Nearly 30,000 people in Thurston county applied for unemployment after businesses closed in response to the stay-home-stay-safe order. Thousands more were simply out of work and out of luck.
At first, rents were paid, here as in much of the rest of the country. Actions at the federal and state levels helped. Out-of-work people could use one-time stimulus checks, unemployment checks with a $600 bump; credit card draws, maybe some savings. Others didn’t get anything because programs were designed to exclude various kinds of work and various kinds of workers. They hang on by virtue of Governor Inslee’s moratorium on evictions. It is scheduled to end on June 4.
Can’t pay the rent
Government checks and the moratorium on evictions will end, but massive unemployment will not. The interventions only delayed the need to reckon with the consequences of the pandemic. Many businesses won’t come back; whole industries will downsize or even disappear. Demand will decline and send ripples through the economy. People hit hard by closures during the shut-down will find themselves among the long-term unemployed. Without stable incomes, spending on consumption, on rent, on mortgages and everything else is in jeopardy.

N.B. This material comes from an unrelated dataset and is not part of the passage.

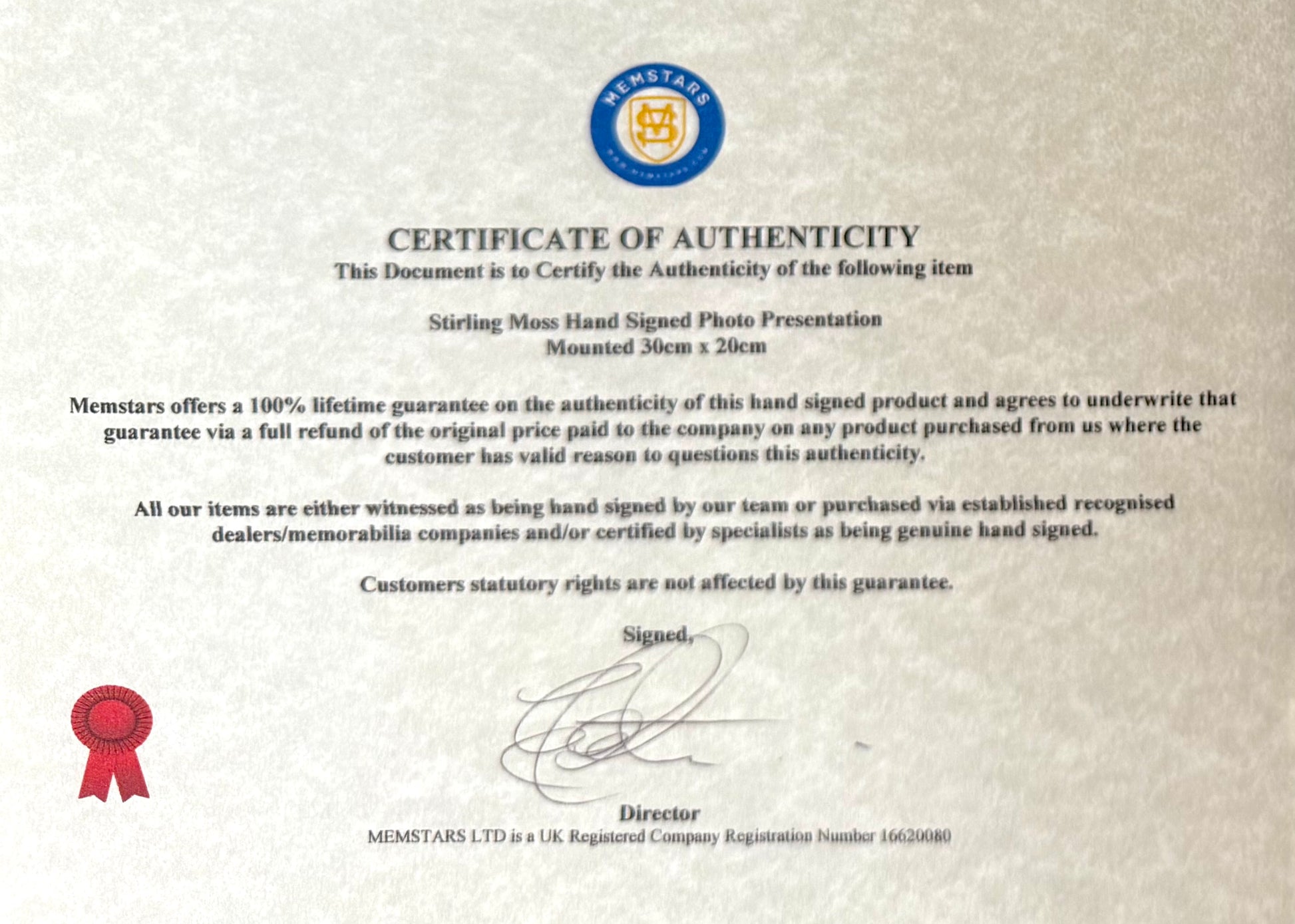 Framed (30cm x 20cm) Super Rare Stirling Moss 100% Guaranteed Hand Signed Original Photo with COA.

COVID-19 produced conditions that were met with emergency measures to keep people in their homes. But the crisis in housing was only an extreme version of an existing problem. In Olympia, a majority of households rent, paying on average about $1200 a month. A job paying $15.00 an hour (above the Washington minimum of $13.50) nets less than $2400 a month. This is not a sustainable situation. Thurston Regional Planning calculates that 37% of households in the county are already “rent-burdened,” meaning they pay more than 30% and up to half of their income on rent.
Won’t pay the rent
As we move into the summer and emergency measures fade, what will forestall widespread evictions in the months ahead? Will we meet the “new normal” with new approaches to housing—or is everyone on their own?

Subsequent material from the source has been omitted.